Monday 3 March 2008

Not that I'm getting obsessed with Facebook but...

Time was that a woman (I say woman merely because they are more likely to bother to investigate not less likely to stray) with suspicions would have to resort to some kind of under cover, eyeholes in the newspaper mission to know whether or not they were no longer the one and only. If the object of your affection is taking three buses, doubling back and changing trains while they are moving on the way to work...it's probably not a good sign. It's the stuff that old movies are made of and that makes any sane woman laugh now - what an awful lot of effort to have to go through.

So, "The Scorned" moved on. Check receipts, check credit card bills, check the phone bill...check every bit of a paper you can find and you'll get to the truth. The paper trail was the key. Not so much the old movies but defintely the odd story line in almost forgotten episodes of EastEnders or Corrie. Either way, if your other half was binning his litter out on the street, you'd be worried.

Then came the mobile phone. Get hold of it, check the sent items and the inbox and the last calls made... They might not think of it all and it would be evidence enough to either put your mind at rest or call the lawyer. I remember once being warned by a particularly faithless man "if your other half ever starts to take his phone into the shower, toilet or bath...you're f*cked". Nice to know.

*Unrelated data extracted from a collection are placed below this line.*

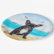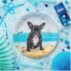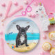 Ein niedlicher Hund am Strand ist eine Geschenkidee für jemanden, der diese Hundezucht Liebe.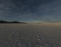 A breathtaking view of the Utah desert at dawn. The sandy landscape stretches for miles, meeting the calm waters of the ocean. The mountains in the background create a stunning natural backdrop. The horizon is painted with beautiful hues of pink and orange as the sun rises. The atmosphere is serene and peaceful, making it the perfect spot to enjoy the tranquil beauty of nature. Contrails streak across the clear sky, adding a touch of movement and interest to the scene. The surface of the salt lake glistens under the first light of day, reflecting the clouds and creating a sense of serenity. This emotional image captures the essence of Utah's unique and captivating desert environment.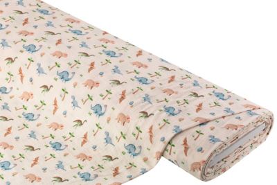 Musselin – auch Doppel-Gaze, Baumwollkrepp oder Mull genannt – ist ein lockeres Baumwollgewebe, dessen zwei Stofflagen punktuell miteinander verbunden sind. Dadurch bekommt der Stoff nicht nur die typische Crinkle-Struktur, sondern wird auch weitgehend blickdicht. Highlight dieses Musselins sind die süßen Dinos, die auf Stramplern und Pumphosen, auf Babydecken oder Betthimmeln perfekt zur Geltung kommen. Auch locker fallende Vorhänge, Deko und Accessoires lassen sich aus Doppel-Gaze zaubern. Jetzt bestellen und aufs Nähen freuen!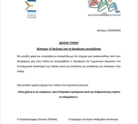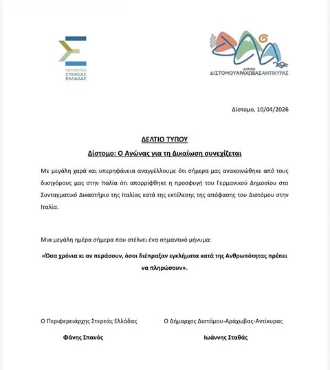 Σύμφωνα με όσα έγιναν γνωστά τη Μεγάλη Παρασκευή (10.04.2026) από την περιφέρεια Στερεάς Ελλάδας και τον δήμο Διστόμου-Αράχοβας-Αντίκυρας, η εξέλιξη αυτή ανοίγει τον δρόμο την καταβολή αποζημιώσεων στις οικογένειες των θυμάτων της σφαγής του Διστόμου, εκτός εάν η Γερμανία επιλέξει νέα προσφυγή στο Διεθνές Δικαστήριο της Χάγης ή η ιταλική κυβέρνηση προχωρήσει σε νομοθετική παρέμβαση.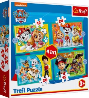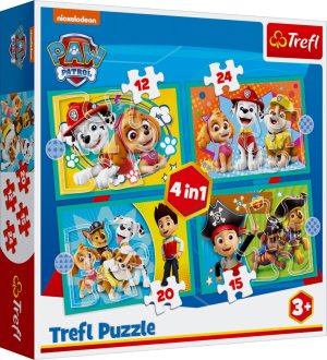 Puzzle s motivem oblíbeného seriálu Tlapková patrola. Čtyři samostatná puzzle s různým počtem dílků - 12, 15, 20 a 24 - postupně vedou ke zdokonalování dítěte při skládání a zvyšování obtížnosti. Rozměry balení 28 x 28 x 6 cm. Vhodné pro děti od 3 let.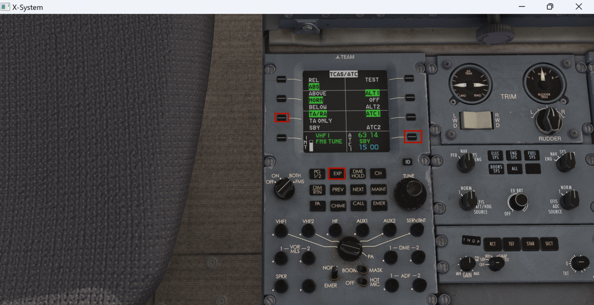 センタースクリーンにはCONFIGが表示されているので、操縦翼面を動かして正常に動作しているか確認します。
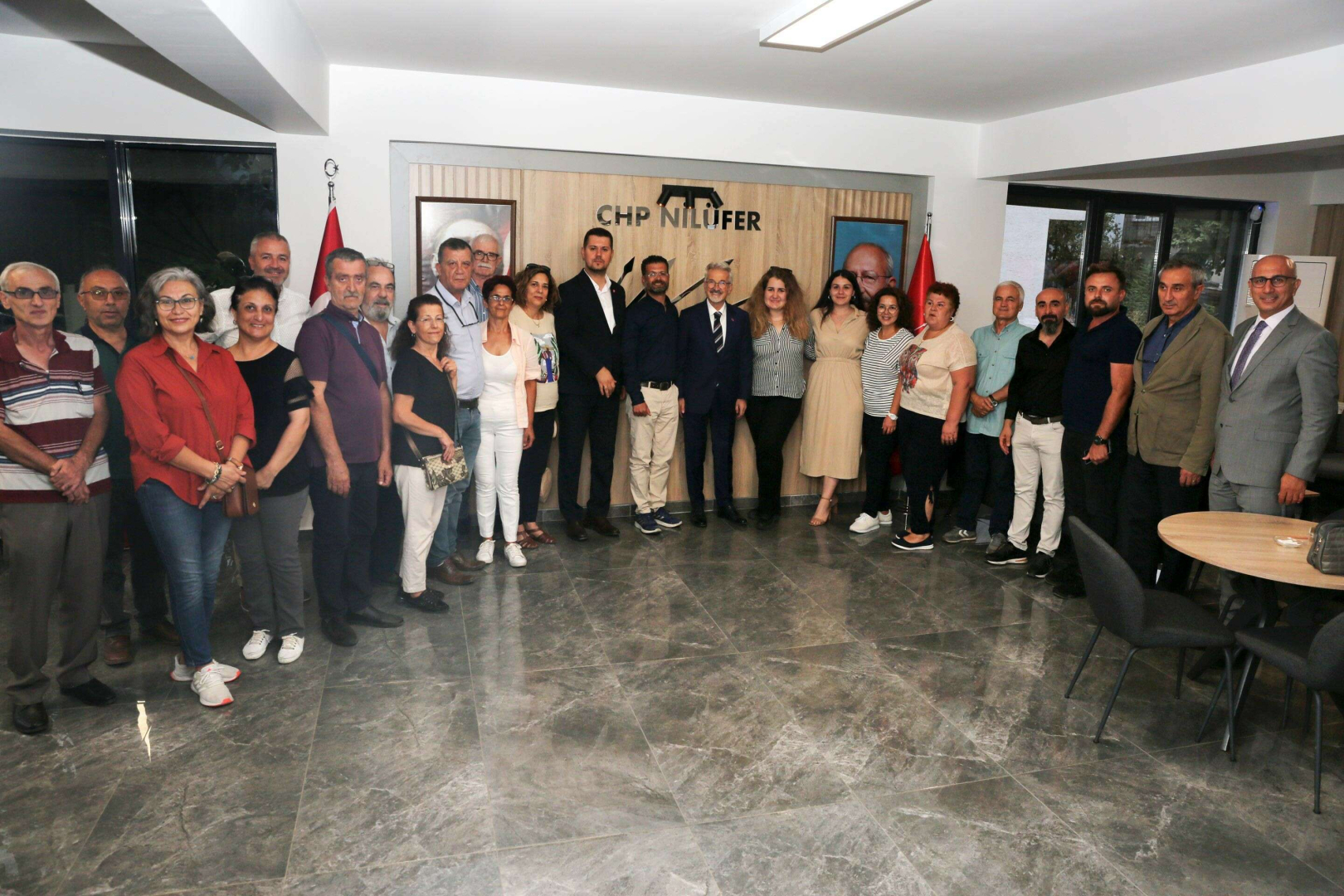Nilüfer Belediye Başkanı Turgay Erdem, Cumhuriyet Halk Partisi’nin (CHP) gerçekleştirdiği son ilçe kongrelerinde göreve seçilen CHP Osmangazi İlçe Başkanı Cengiz Çelikten ve CHP Nilüfer İlçe Başkanı Özgür Şahin ile bir araya geldi.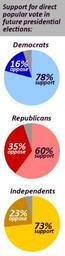 | Keywords: Support For Direct Popular Vote.png Responses to the question For future presidential elections would you support or oppose changing to a system in which the president is elected by direct popular vote instead of by the electoral college Data from Washington Post-Kaiser Family Foundation-Harvard University Survey of Political Independents conducted May-June 2007 available at http //www washingtonpost com/wp-srv/politics/interactives/independents/post-kaiser-harvard-topline pdf Own 2008-05-04 Szu Election apportionment diagrams of the United States Opinion polls |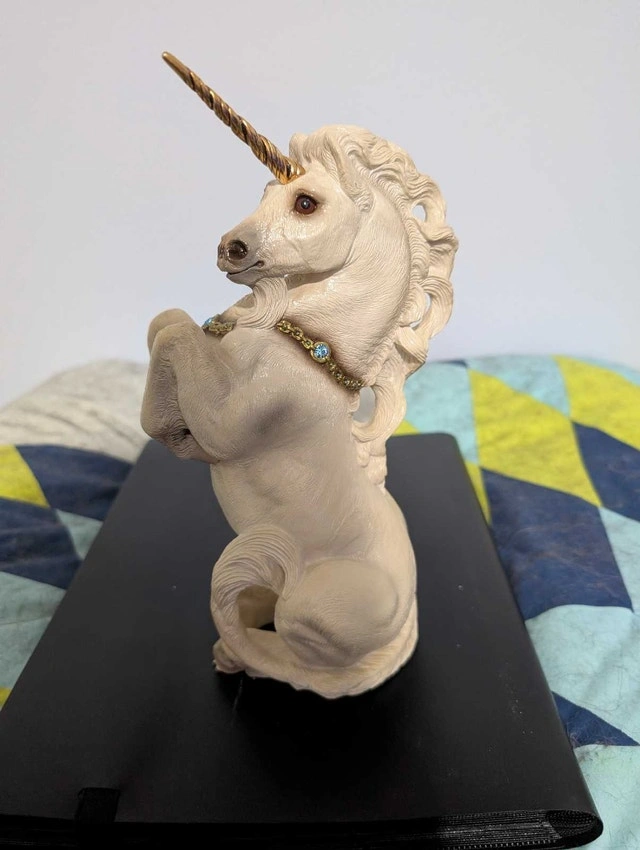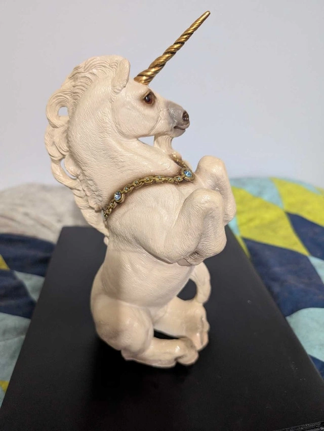 This Windstone Editions unicorn figurine, designed by M. Pena in '89, is a captivating piece for any collector! This unique statue features a detailed design and is in good condition.

Then the personal email accounts came under fire. Scary stories of people hacking into email accounts of other halves to see what was going on. Not one of these stories ended well I'll point out. I suspect if you're looking there, it's pretty definite already. This happened to male and female friends of mine and although the one that makes my blood run coldest is the one that seems to happen most often.

And now Facebook has touched this long running story of deception... It's the worst thing in the world for a cheat. Facebook - the devil in technology. You can't keep your profile secret from you other half to hide what you're up to (how suspicious is that?!) and even worse...you have no control over what other people write on your wall. Disaster is sure to ensue. Images of "great night last night, big boy" on the wall of some lothario - funny for us, not so the lothario. So, you have to get out all together if you want to get up to know good. Remove yourself from Facebook under some pretention that you don't want to be on there anymore. Problem is - what pretension? There isn't one I can think of, seriously, i've tried but isn't it just so much easier to stop going to the site than to close it down? It's suspicious and that's that.